=== Exercise goal ===
Print, word for word, the opening line of the data below and every line after it through the line that contains "- Unidad de", but not the pictures.

*** Begin section ***

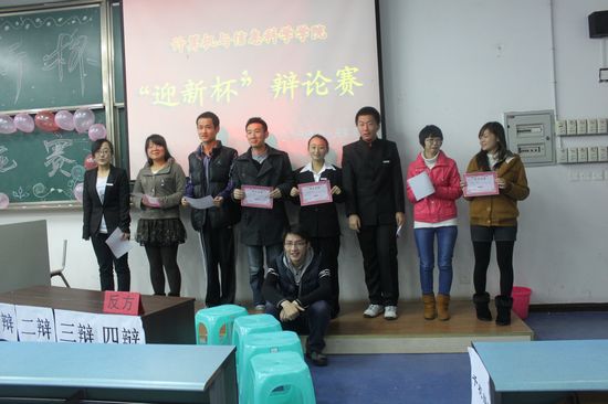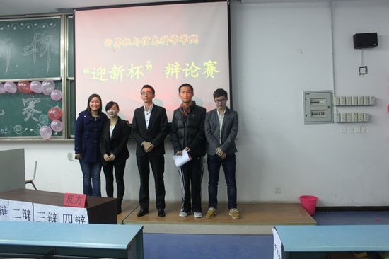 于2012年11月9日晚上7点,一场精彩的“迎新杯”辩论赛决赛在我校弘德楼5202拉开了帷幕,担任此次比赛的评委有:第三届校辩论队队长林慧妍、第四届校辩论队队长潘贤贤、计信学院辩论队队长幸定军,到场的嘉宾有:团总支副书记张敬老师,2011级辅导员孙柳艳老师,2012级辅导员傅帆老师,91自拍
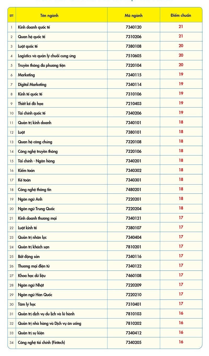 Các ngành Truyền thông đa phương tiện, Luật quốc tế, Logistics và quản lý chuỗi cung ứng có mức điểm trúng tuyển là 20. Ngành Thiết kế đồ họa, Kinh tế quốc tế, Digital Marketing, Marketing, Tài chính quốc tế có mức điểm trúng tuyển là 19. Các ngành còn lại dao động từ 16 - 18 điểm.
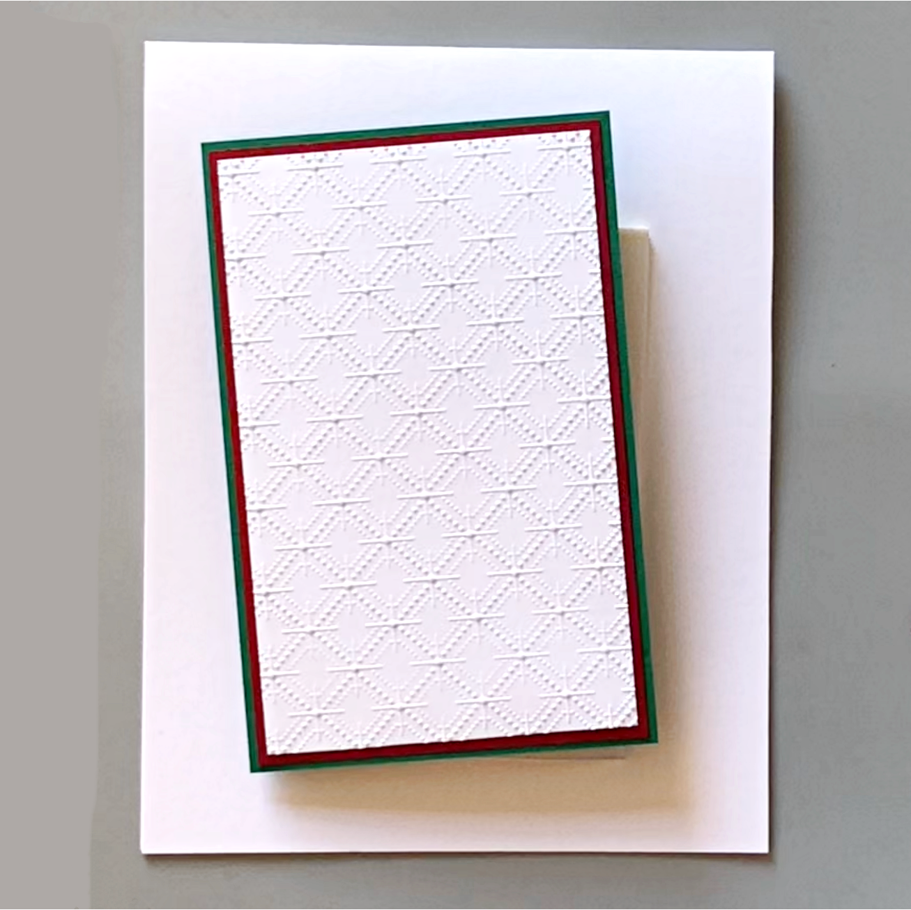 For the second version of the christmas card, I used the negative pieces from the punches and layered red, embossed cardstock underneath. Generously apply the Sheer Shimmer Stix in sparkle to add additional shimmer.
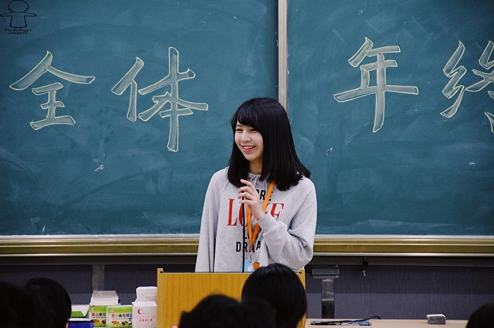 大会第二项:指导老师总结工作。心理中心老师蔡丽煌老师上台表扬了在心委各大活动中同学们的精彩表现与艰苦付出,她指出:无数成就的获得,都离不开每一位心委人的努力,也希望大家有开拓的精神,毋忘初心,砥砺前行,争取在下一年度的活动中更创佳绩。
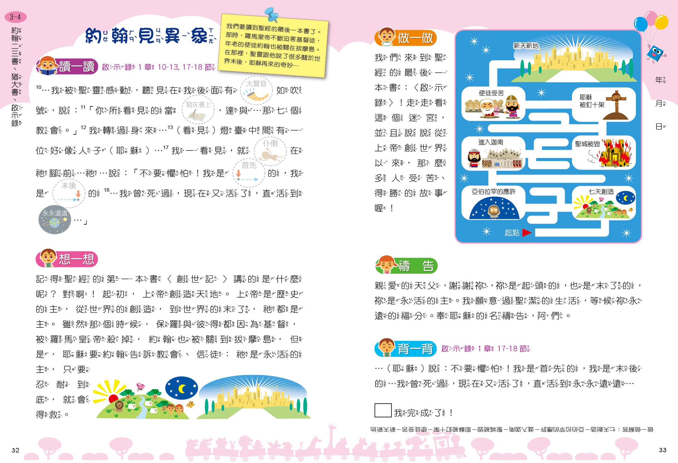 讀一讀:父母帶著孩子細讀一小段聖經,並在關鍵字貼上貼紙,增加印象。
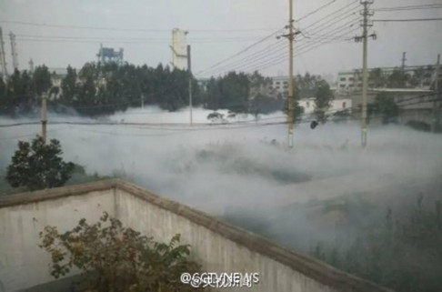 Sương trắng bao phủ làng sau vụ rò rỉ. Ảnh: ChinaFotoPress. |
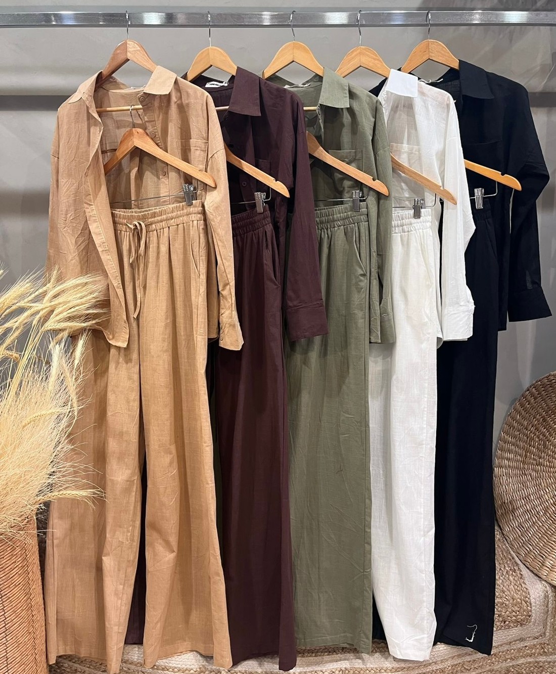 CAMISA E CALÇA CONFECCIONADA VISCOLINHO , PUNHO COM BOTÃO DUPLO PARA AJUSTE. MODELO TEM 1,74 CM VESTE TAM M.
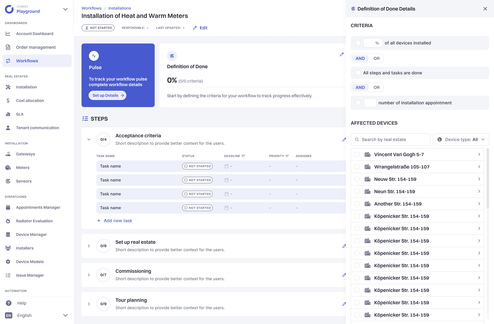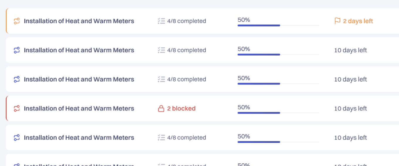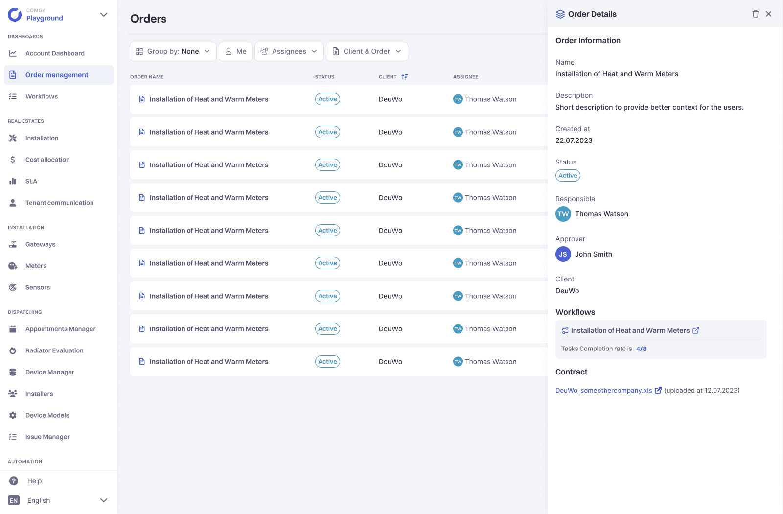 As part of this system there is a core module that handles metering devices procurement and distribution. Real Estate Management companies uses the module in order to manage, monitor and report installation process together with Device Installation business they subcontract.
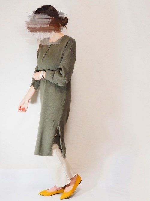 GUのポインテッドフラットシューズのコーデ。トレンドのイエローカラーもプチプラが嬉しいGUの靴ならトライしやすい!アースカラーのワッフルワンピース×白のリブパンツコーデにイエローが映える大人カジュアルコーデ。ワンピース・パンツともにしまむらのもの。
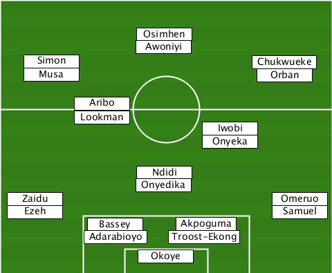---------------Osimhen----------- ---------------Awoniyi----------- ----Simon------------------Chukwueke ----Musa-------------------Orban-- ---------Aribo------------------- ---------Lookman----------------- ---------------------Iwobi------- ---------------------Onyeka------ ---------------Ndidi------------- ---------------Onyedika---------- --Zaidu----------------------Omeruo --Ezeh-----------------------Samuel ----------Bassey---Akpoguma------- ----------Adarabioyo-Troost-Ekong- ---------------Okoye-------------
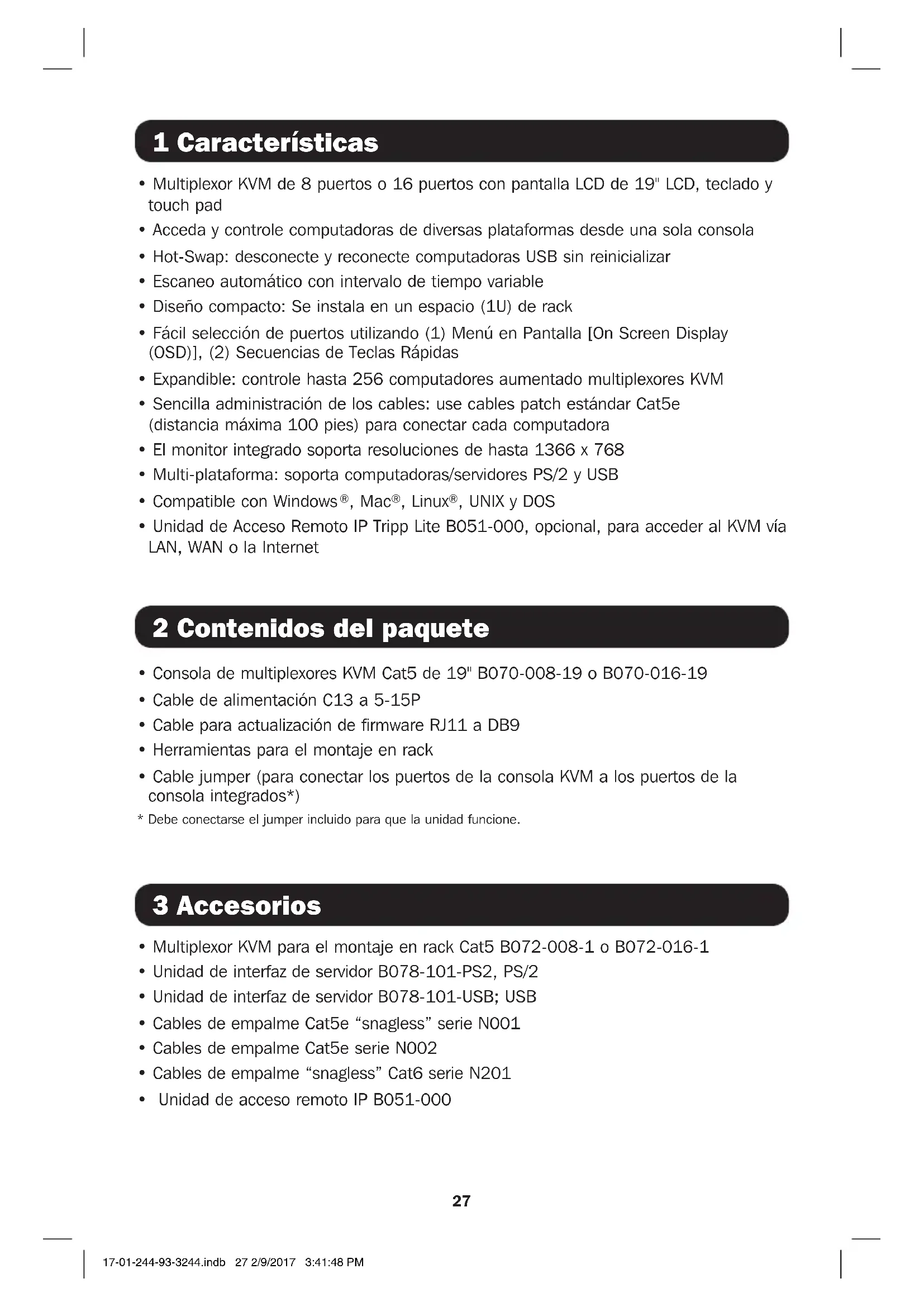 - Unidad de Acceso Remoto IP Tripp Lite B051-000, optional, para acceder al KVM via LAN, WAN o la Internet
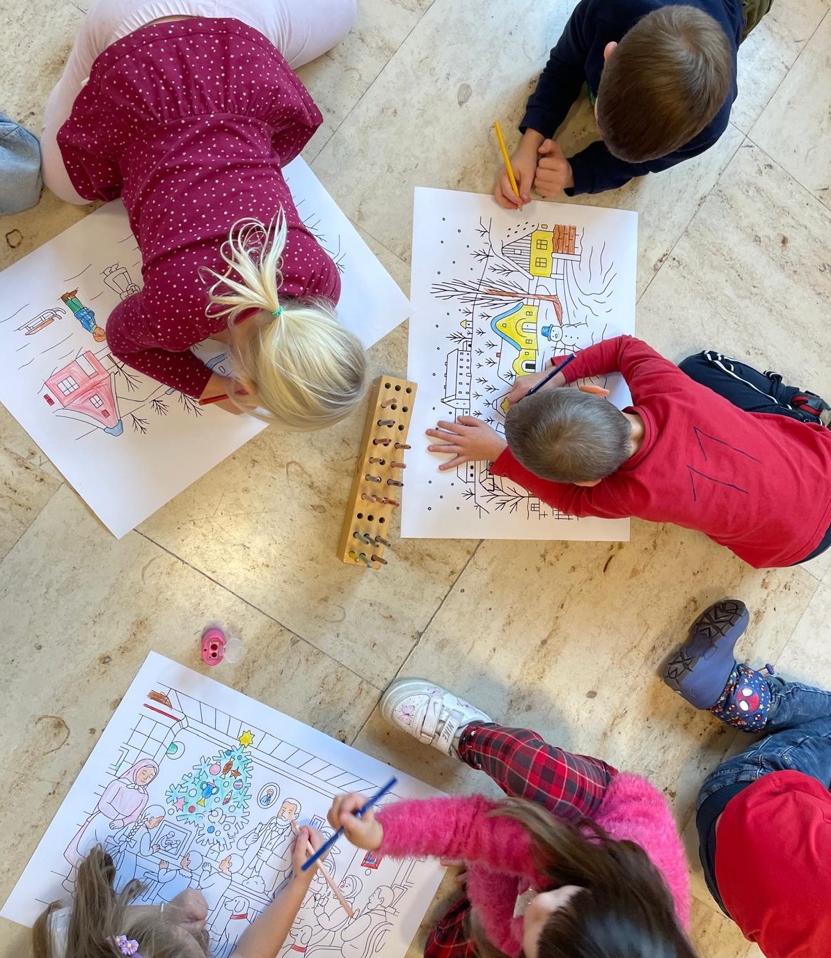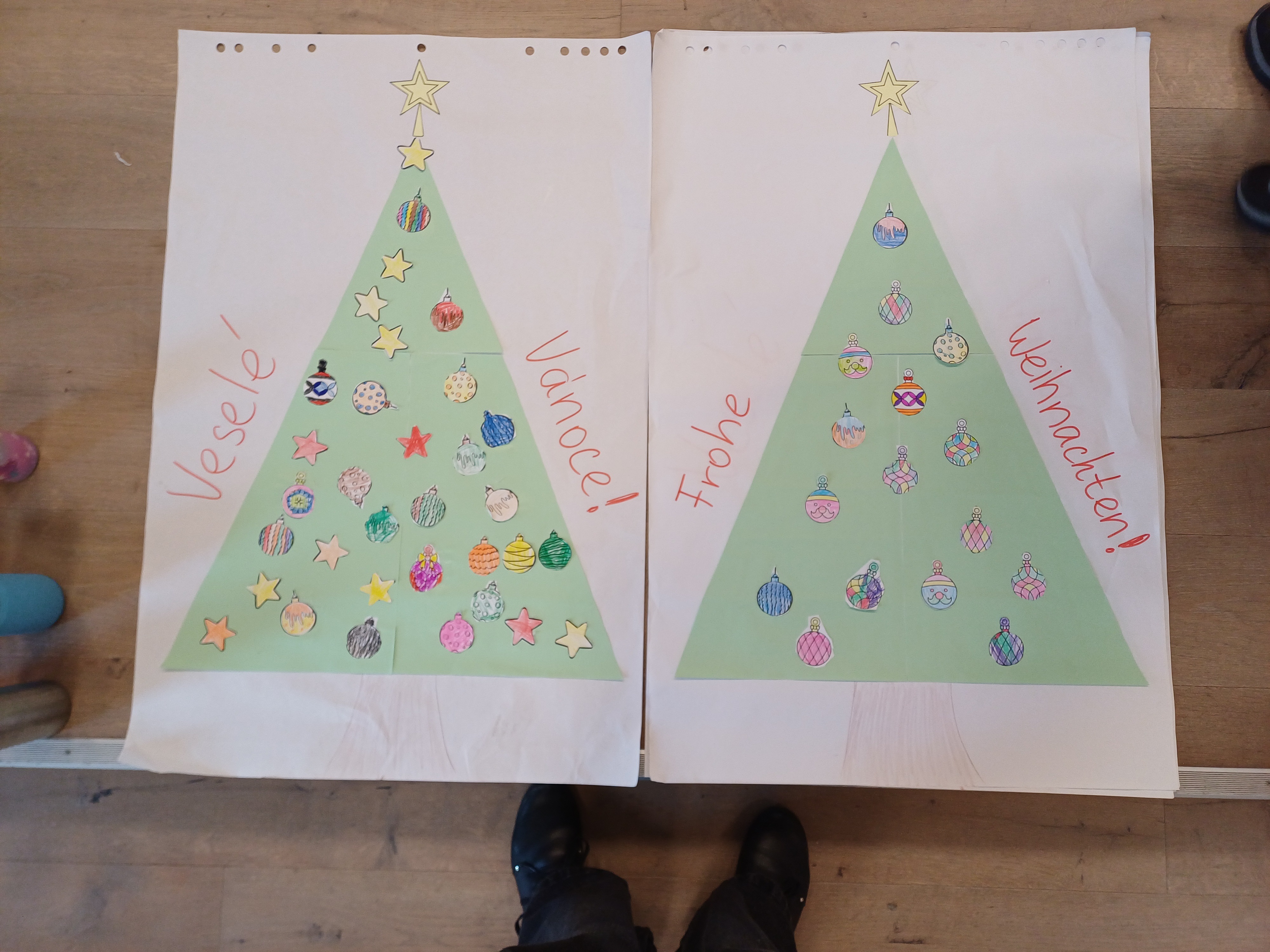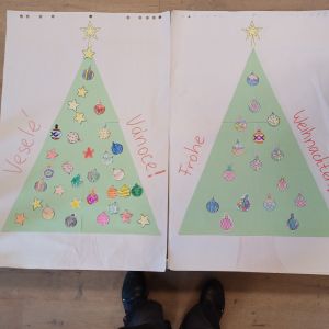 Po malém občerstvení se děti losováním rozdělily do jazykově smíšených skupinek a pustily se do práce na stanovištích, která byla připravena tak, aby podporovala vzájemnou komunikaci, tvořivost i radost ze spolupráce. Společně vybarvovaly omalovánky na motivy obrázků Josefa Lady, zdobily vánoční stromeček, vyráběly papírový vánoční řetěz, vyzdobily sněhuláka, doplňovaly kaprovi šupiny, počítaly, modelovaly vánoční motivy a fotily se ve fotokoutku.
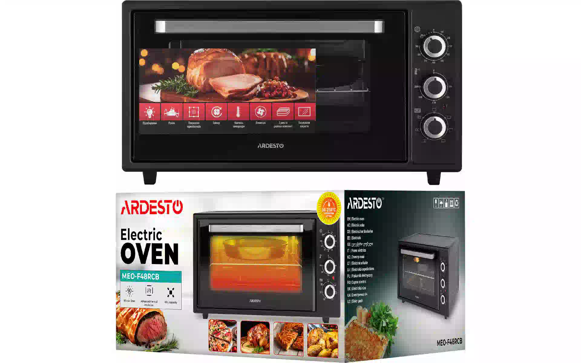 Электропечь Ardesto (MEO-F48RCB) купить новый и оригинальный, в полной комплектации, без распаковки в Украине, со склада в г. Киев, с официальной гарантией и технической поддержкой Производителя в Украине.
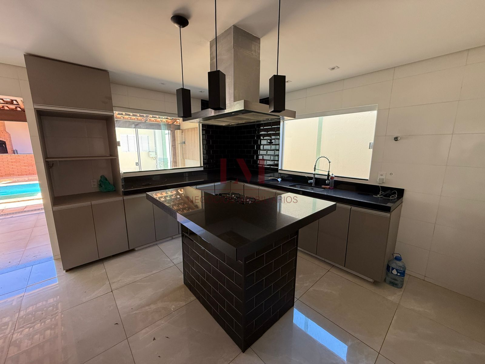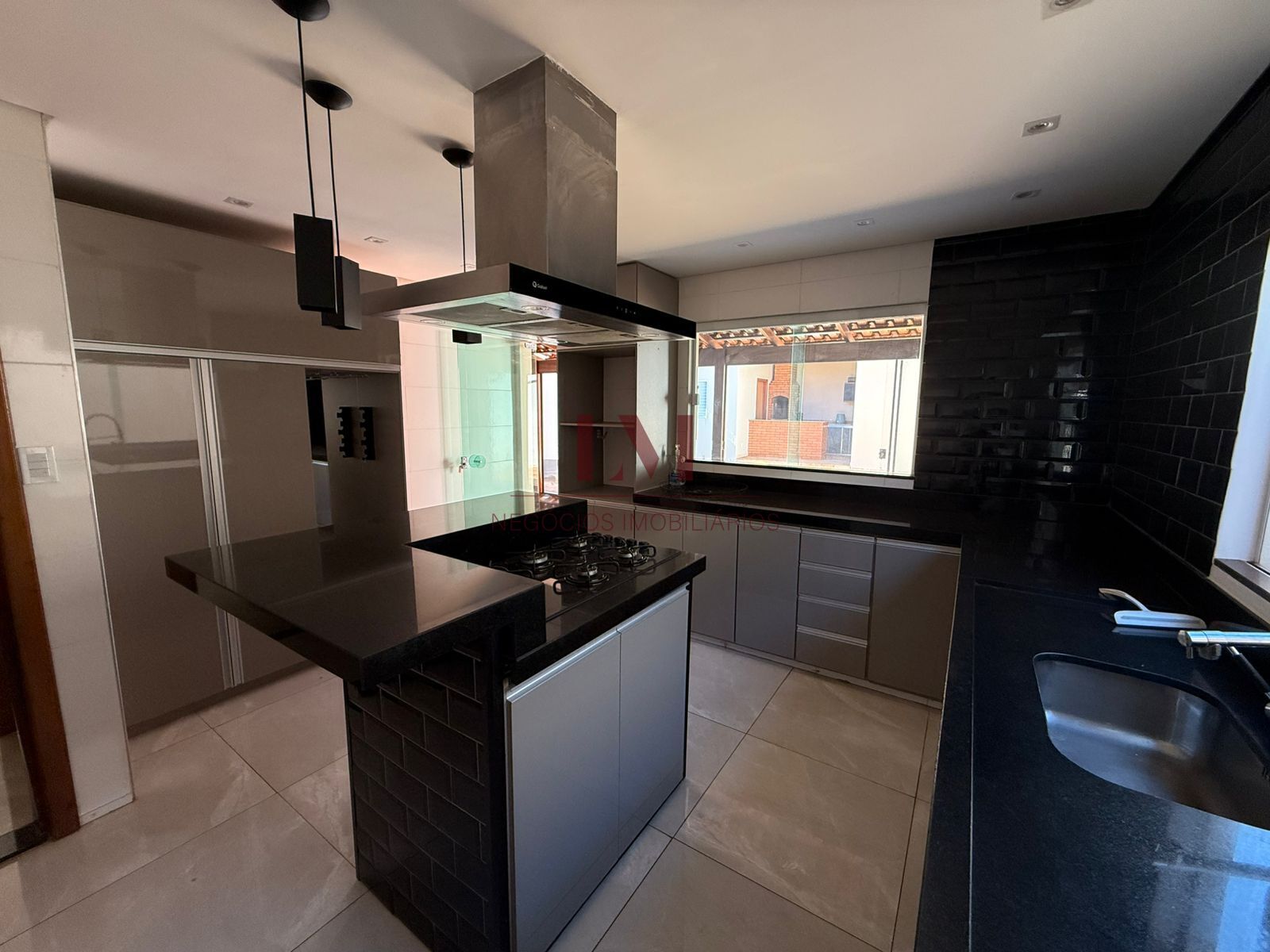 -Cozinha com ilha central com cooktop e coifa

*** End section ***

=== The completed task ===
 于2012年11月9日晚上7点,一场精彩的“迎新杯”辩论赛决赛在我校弘德楼5202拉开了帷幕,担任此次比赛的评委有:第三届校辩论队队长林慧妍、第四届校辩论队队长潘贤贤、计信学院辩论队队长幸定军,到场的嘉宾有:团总支副书记张敬老师,2011级辅导员孙柳艳老师,2012级辅导员傅帆老师,91自拍
 Các ngành Truyền thông đa phương tiện, Luật quốc tế, Logistics và quản lý chuỗi cung ứng có mức điểm trúng tuyển là 20. Ngành Thiết kế đồ họa, Kinh tế quốc tế, Digital Marketing, Marketing, Tài chính quốc tế có mức điểm trúng tuyển là 19. Các ngành còn lại dao động từ 16 - 18 điểm.
 For the second version of the christmas card, I used the negative pieces from the punches and layered red, embossed cardstock underneath. Generously apply the Sheer Shimmer Stix in sparkle to add additional shimmer.
 大会第二项:指导老师总结工作。心理中心老师蔡丽煌老师上台表扬了在心委各大活动中同学们的精彩表现与艰苦付出,她指出:无数成就的获得,都离不开每一位心委人的努力,也希望大家有开拓的精神,毋忘初心,砥砺前行,争取在下一年度的活动中更创佳绩。
 讀一讀:父母帶著孩子細讀一小段聖經,並在關鍵字貼上貼紙,增加印象。
 Sương trắng bao phủ làng sau vụ rò rỉ. Ảnh: ChinaFotoPress. |
 CAMISA E CALÇA CONFECCIONADA VISCOLINHO , PUNHO COM BOTÃO DUPLO PARA AJUSTE. MODELO TEM 1,74 CM VESTE TAM M.
 As part of this system there is a core module that handles metering devices procurement and distribution. Real Estate Management companies uses the module in order to manage, monitor and report installation process together with Device Installation business they subcontract.
 GUのポインテッドフラットシューズのコーデ。トレンドのイエローカラーもプチプラが嬉しいGUの靴ならトライしやすい!アースカラーのワッフルワンピース×白のリブパンツコーデにイエローが映える大人カジュアルコーデ。ワンピース・パンツともにしまむらのもの。
---------------Osimhen----------- ---------------Awoniyi----------- ----Simon------------------Chukwueke ----Musa-------------------Orban-- ---------Aribo------------------- ---------Lookman----------------- ---------------------Iwobi------- ---------------------Onyeka------ ---------------Ndidi------------- ---------------Onyedika---------- --Zaidu----------------------Omeruo --Ezeh-----------------------Samuel ----------Bassey---Akpoguma------- ----------Adarabioyo-Troost-Ekong- ---------------Okoye-------------
 - Unidad de Acceso Remoto IP Tripp Lite B051-000, optional, para acceder al KVM via LAN, WAN o la Internet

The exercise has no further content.